ABOUT THIS TASK => Your answer must be the full set of records, copied exactly, with no pictures in it.

PROVIDED ENTRIES =>
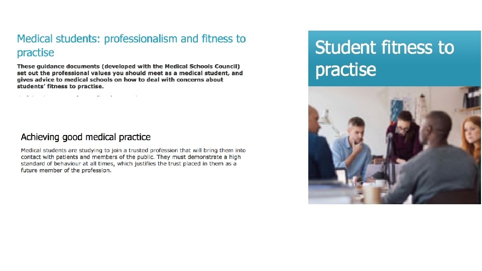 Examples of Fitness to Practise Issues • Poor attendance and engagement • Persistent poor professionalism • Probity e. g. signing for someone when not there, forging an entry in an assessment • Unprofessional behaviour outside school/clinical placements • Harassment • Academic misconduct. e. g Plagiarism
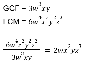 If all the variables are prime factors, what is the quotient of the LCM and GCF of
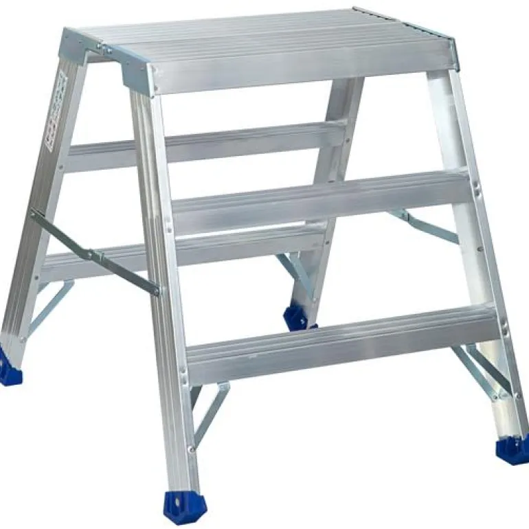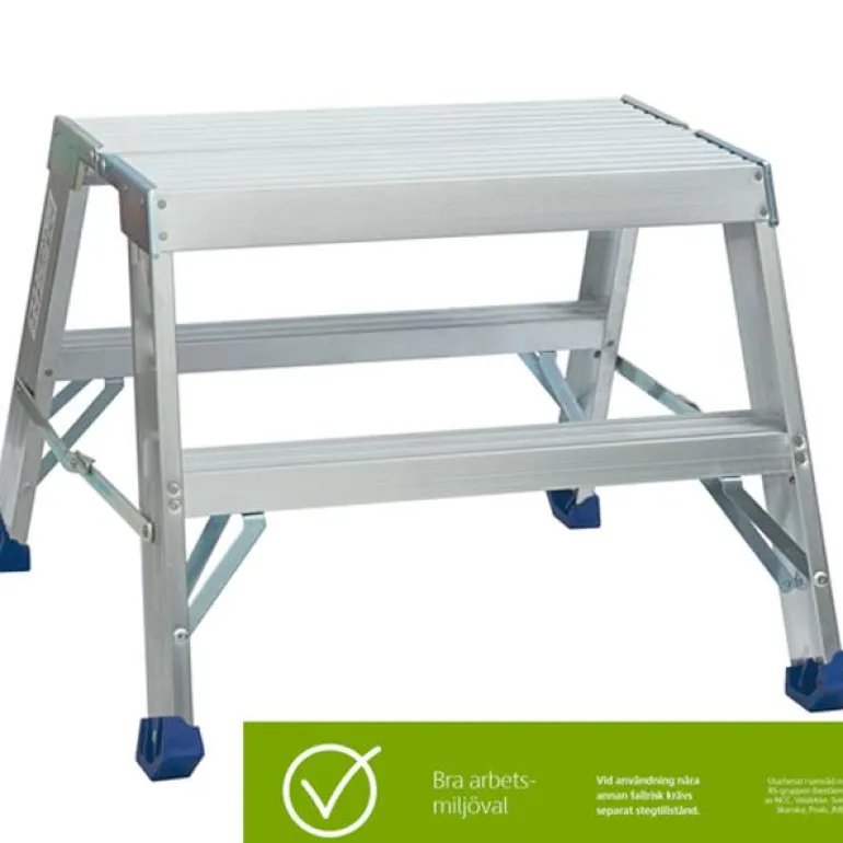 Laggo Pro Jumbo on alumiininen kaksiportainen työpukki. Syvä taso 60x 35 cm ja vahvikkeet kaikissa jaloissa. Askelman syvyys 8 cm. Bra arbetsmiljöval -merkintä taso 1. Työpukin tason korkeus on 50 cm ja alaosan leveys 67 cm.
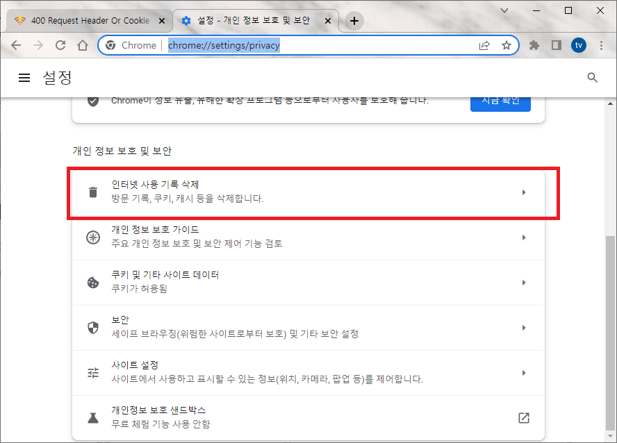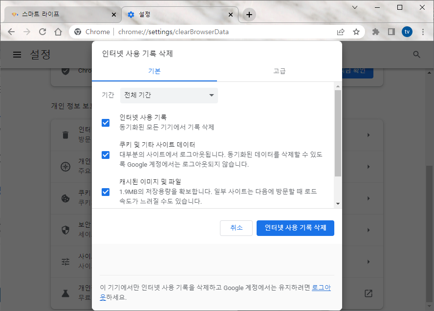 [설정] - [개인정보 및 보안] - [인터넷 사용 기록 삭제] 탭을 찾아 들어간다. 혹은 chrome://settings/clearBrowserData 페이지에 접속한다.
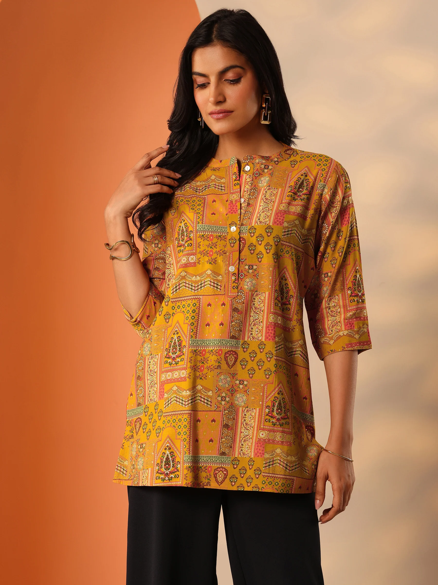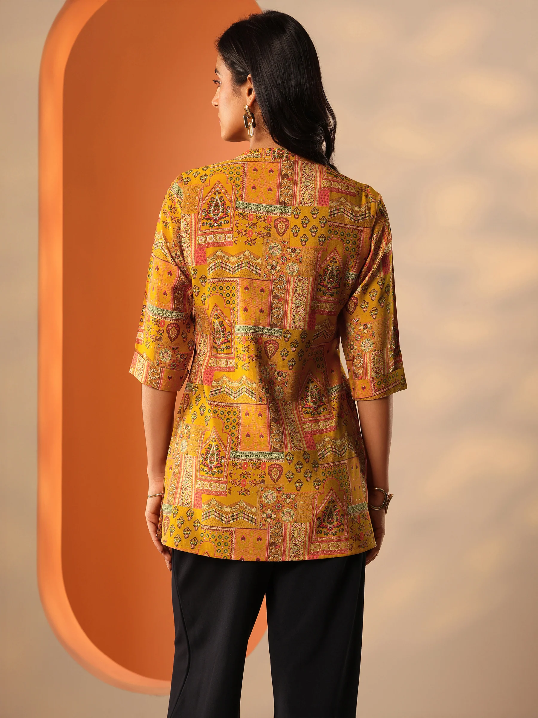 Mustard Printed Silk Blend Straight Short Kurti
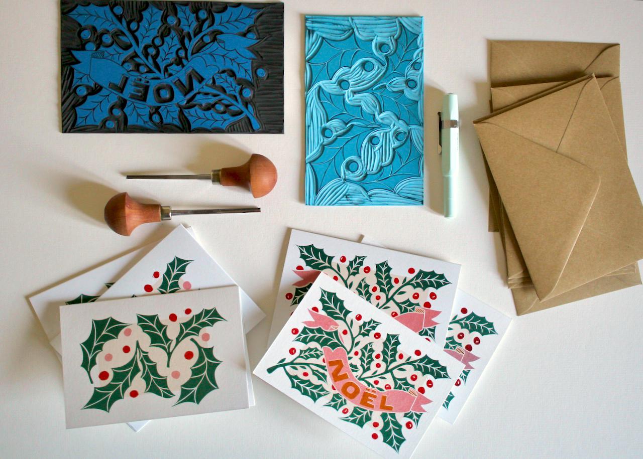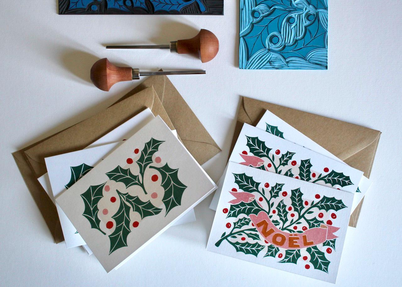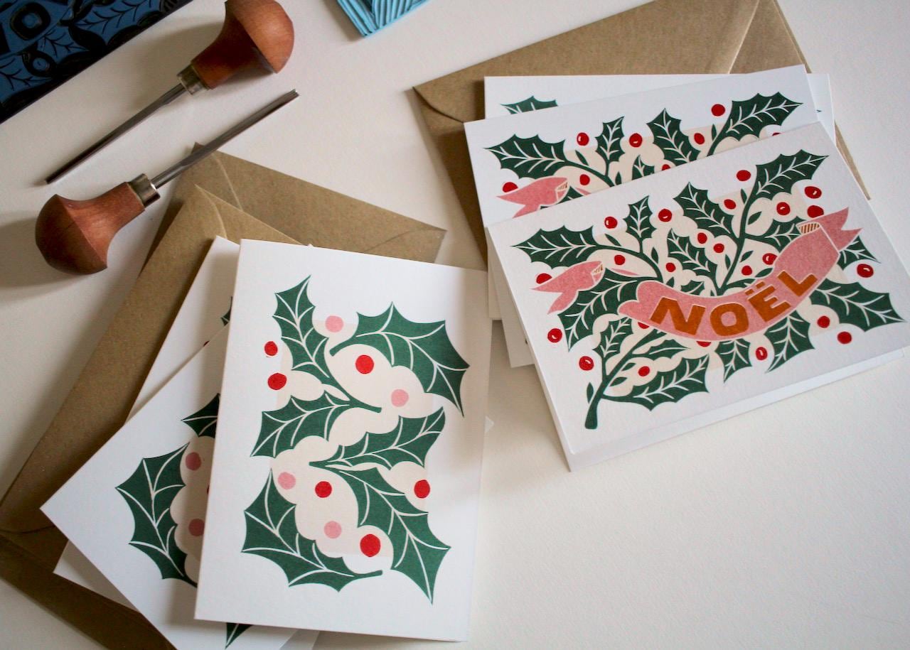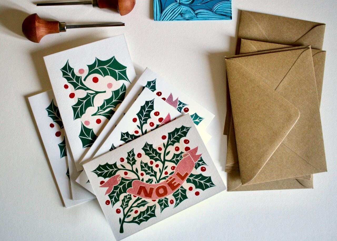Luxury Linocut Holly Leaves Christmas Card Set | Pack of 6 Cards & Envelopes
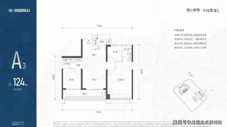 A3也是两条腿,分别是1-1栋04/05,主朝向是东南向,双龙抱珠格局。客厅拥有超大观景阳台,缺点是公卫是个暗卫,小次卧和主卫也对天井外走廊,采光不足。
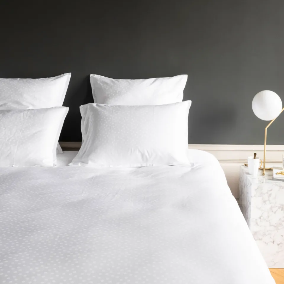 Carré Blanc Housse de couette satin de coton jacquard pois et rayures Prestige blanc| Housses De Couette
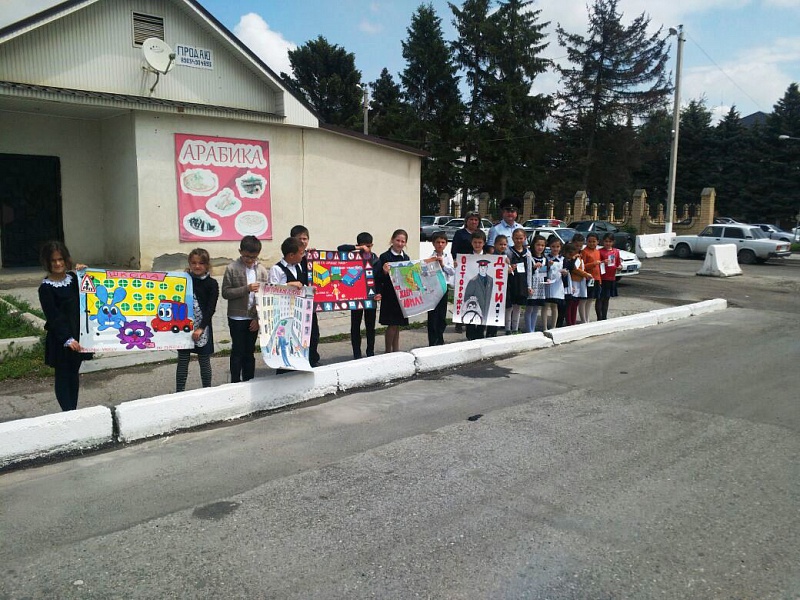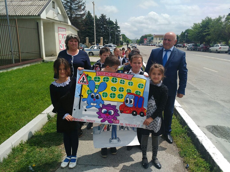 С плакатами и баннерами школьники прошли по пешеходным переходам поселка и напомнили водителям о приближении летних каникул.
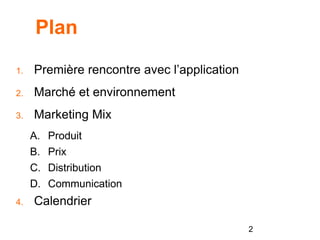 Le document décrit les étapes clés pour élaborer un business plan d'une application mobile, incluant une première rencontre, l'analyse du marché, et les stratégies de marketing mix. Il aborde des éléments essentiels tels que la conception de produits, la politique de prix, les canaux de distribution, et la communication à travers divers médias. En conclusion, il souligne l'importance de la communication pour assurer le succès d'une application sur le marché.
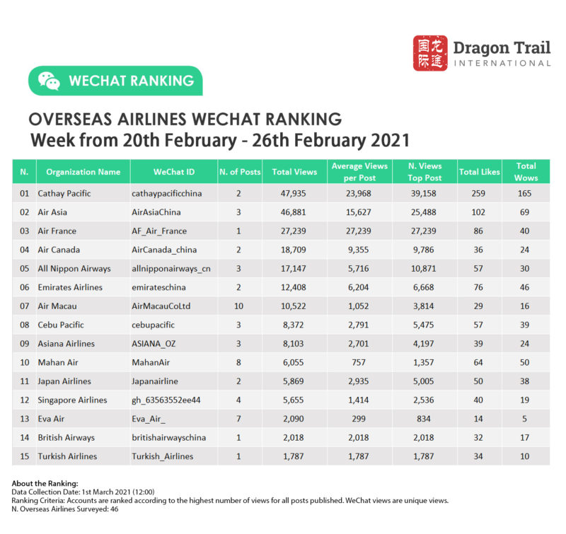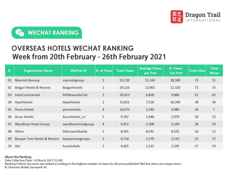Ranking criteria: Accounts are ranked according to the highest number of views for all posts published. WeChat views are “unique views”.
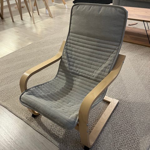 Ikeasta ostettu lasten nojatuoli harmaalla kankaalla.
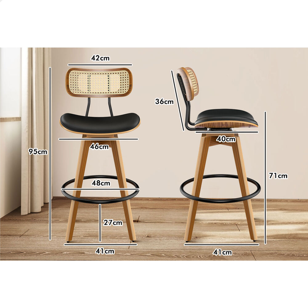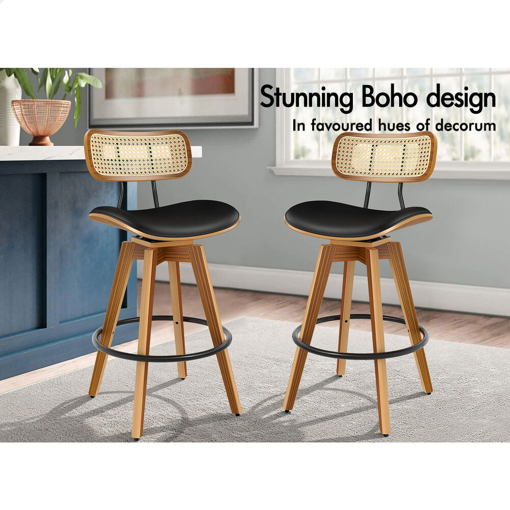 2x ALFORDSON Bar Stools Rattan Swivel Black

ANSWER FOR THIS EXERCISE =>
 Examples of Fitness to Practise Issues • Poor attendance and engagement • Persistent poor professionalism • Probity e. g. signing for someone when not there, forging an entry in an assessment • Unprofessional behaviour outside school/clinical placements • Harassment • Academic misconduct. e. g Plagiarism
 If all the variables are prime factors, what is the quotient of the LCM and GCF of
 Laggo Pro Jumbo on alumiininen kaksiportainen työpukki. Syvä taso 60x 35 cm ja vahvikkeet kaikissa jaloissa. Askelman syvyys 8 cm. Bra arbetsmiljöval -merkintä taso 1. Työpukin tason korkeus on 50 cm ja alaosan leveys 67 cm.
 [설정] - [개인정보 및 보안] - [인터넷 사용 기록 삭제] 탭을 찾아 들어간다. 혹은 chrome://settings/clearBrowserData 페이지에 접속한다.
 Mustard Printed Silk Blend Straight Short Kurti
Luxury Linocut Holly Leaves Christmas Card Set | Pack of 6 Cards & Envelopes
 A3也是两条腿,分别是1-1栋04/05,主朝向是东南向,双龙抱珠格局。客厅拥有超大观景阳台,缺点是公卫是个暗卫,小次卧和主卫也对天井外走廊,采光不足。
 Carré Blanc Housse de couette satin de coton jacquard pois et rayures Prestige blanc| Housses De Couette
 С плакатами и баннерами школьники прошли по пешеходным переходам поселка и напомнили водителям о приближении летних каникул.
 Le document décrit les étapes clés pour élaborer un business plan d'une application mobile, incluant une première rencontre, l'analyse du marché, et les stratégies de marketing mix. Il aborde des éléments essentiels tels que la conception de produits, la politique de prix, les canaux de distribution, et la communication à travers divers médias. En conclusion, il souligne l'importance de la communication pour assurer le succès d'une application sur le marché.
Ranking criteria: Accounts are ranked according to the highest number of views for all posts published. WeChat views are “unique views”.
 Ikeasta ostettu lasten nojatuoli harmaalla kankaalla.
 2x ALFORDSON Bar Stools Rattan Swivel Black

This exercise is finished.